Le terrain est d’ailleurs fort bien préparé : il est dans la nature des dauphins en liberté de jouer avec des objets flottants qu’ils ont l’habitude de pousser du museau devant eux ; et c’est là sans doute l’origine de leur réputation de sauveteurs bénévoles. Ils semblent par ailleurs éprouver un grand plaisir à apprendre et répéter les tours d’adresse qui font l’étonnement et l’admiration du public.

C’est là le côté spectaculaire des dauphins. Mais les scientifiques, en collaboration étroite avec les dresseurs, sont allés beaucoup plus loin. Ils ont tout d’abord remarqué qu’un dauphin entraîné dans un aquarium pouvait être remis en pleine mer et conserver toutes les capacités acquises par le dressage : obéir au sifflet ou à la voix, et exécuter de véritables missions. Ainsi, lors de la mémorable expérience _ dites « Sealab » _ organisée par la marine américaine en 1965, un dauphin, nommé Tuffy, fut utilisé comme vaguemestre et agent de liaison entre les plongeurs, installés dans leurs maisons sous-marines, et la surface. De sont côtés, le professeur Perry W. Gilbert poursuit de très intéressantes expériences sur l’utilisation du Tursiops dans la lutte contre les requins. Au Mote Marine Laboratory, un dauphin, Simo, a été progressivement dressé à chasser et attaquer un requin (en l’occurrence Carcharhinus milberti) ; sa manière de combattre est simple et efficace : il frappe violemment, avec son rostre, le ventre du squale, déterminant chez celui-ci de très graves lésions internes. Il n’est donc pas interdit de penser que l’on pourra un jour utiliser les dauphins comme chiens de garde dans les régions où la présence de requins constitue un danger non négligeable. L’étude de l’intelligence des dauphins, et en particulier des Tursiops, retient à la fois l’attention des anatomistes et des psycho physiologistes. Des comparaisons ont été établies entre le poids absolu du cerveau de différents Mammifères, ce qui n’a pas grand sens.

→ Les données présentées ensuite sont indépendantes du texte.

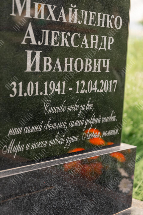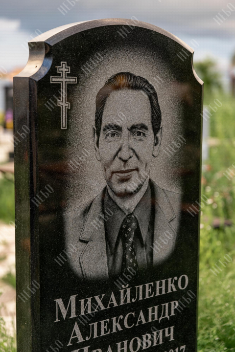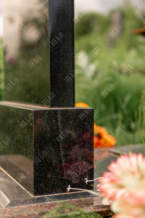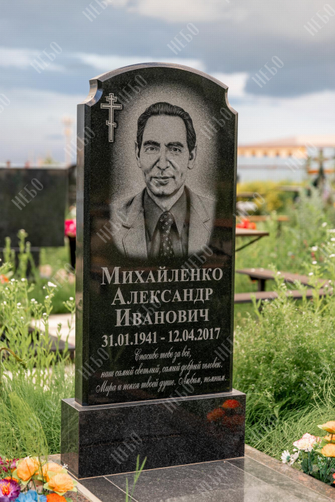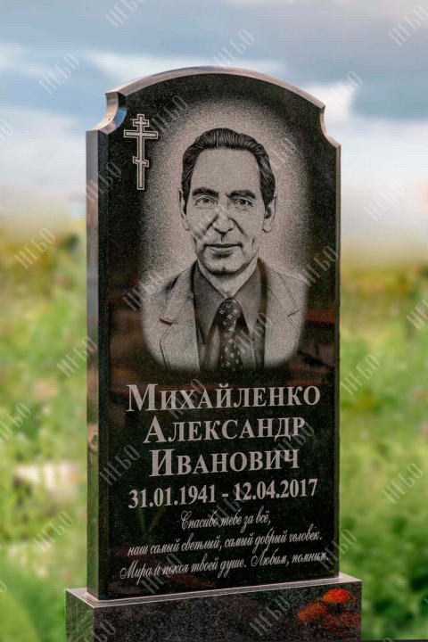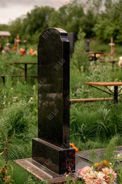 Христианский памятник с вертикальной стелой и закрытым надгробием. Гранитная стела ритуального изделия имеет аркообразный верх и фигурные углы. Такое исполнение придает внешнему виду памятника сдержанный, но в то же время оригинальный вид. Размер и форма памятника проработаны экспертами с учетом нагрузки и эстетического восприятия ритуального изделия. Закрытое надгробие исключает появление сорняков на поверхности, а эпитафия на плите придает памятнику завершенный внешний вид.

Puis on a considéré le rapport «  poids cerveau - poids total ». D’autres chercheurs préfèrent adopter la relation existant entre le poids du cerveau et la surface du corps de l’animal.

Aucune conclusion définitive ne peut encore être tirée des études actuellement en cours dans ce domaine. Certains auteurs admettent que le cerveau du Tursiops se situe entre celui de l’homme et celui du singe anthropoïde. Cependant, un observateur américain, Scott Carpenter, affirme qu’une jeune otarie californienne ( Zalophus californianus) est capable d’apprendre en quelques jours ce qu’un dauphin n’assimile qu’après plusieurs mois de dressage. Quoi qu’il en soit, il est évident que les dauphins possèdent un cerveau très développé, présentant de nombreuses circonvolutions, et les anatomistes sont d’accord pour reconnaître qu’il s’agit d’êtres intelligents.

 A toutes les énigmes qui viennent d’être rapidement passées en revue s’en ajoute une autre, restée jusqu’ici absolument sans réponse : comment les dauphins dorment t-ils ? Contrairement à ce passe chez l’homme, où la respiration est « automatique », celle des dauphins (et de tous les Cétacés) est volontaire et exige de la part de l’animal un effort conscient et permanent. Un dauphin placé sous l’influence d’un narcotique cesse de respirer et ne tarde pas à mourir. Cependant, on a maintes fois constaté que les dauphins présentent l’aspect d’un repos, d’une relaxation pouvant faire croire que l’animal dort. Ce n’est peut être qu’une sorte de demi-sommeil, ou un sommeil intermittent interrompu par de courtes périodes où l’animal prend sa respiration. En tout état de cause, le problème reste posé.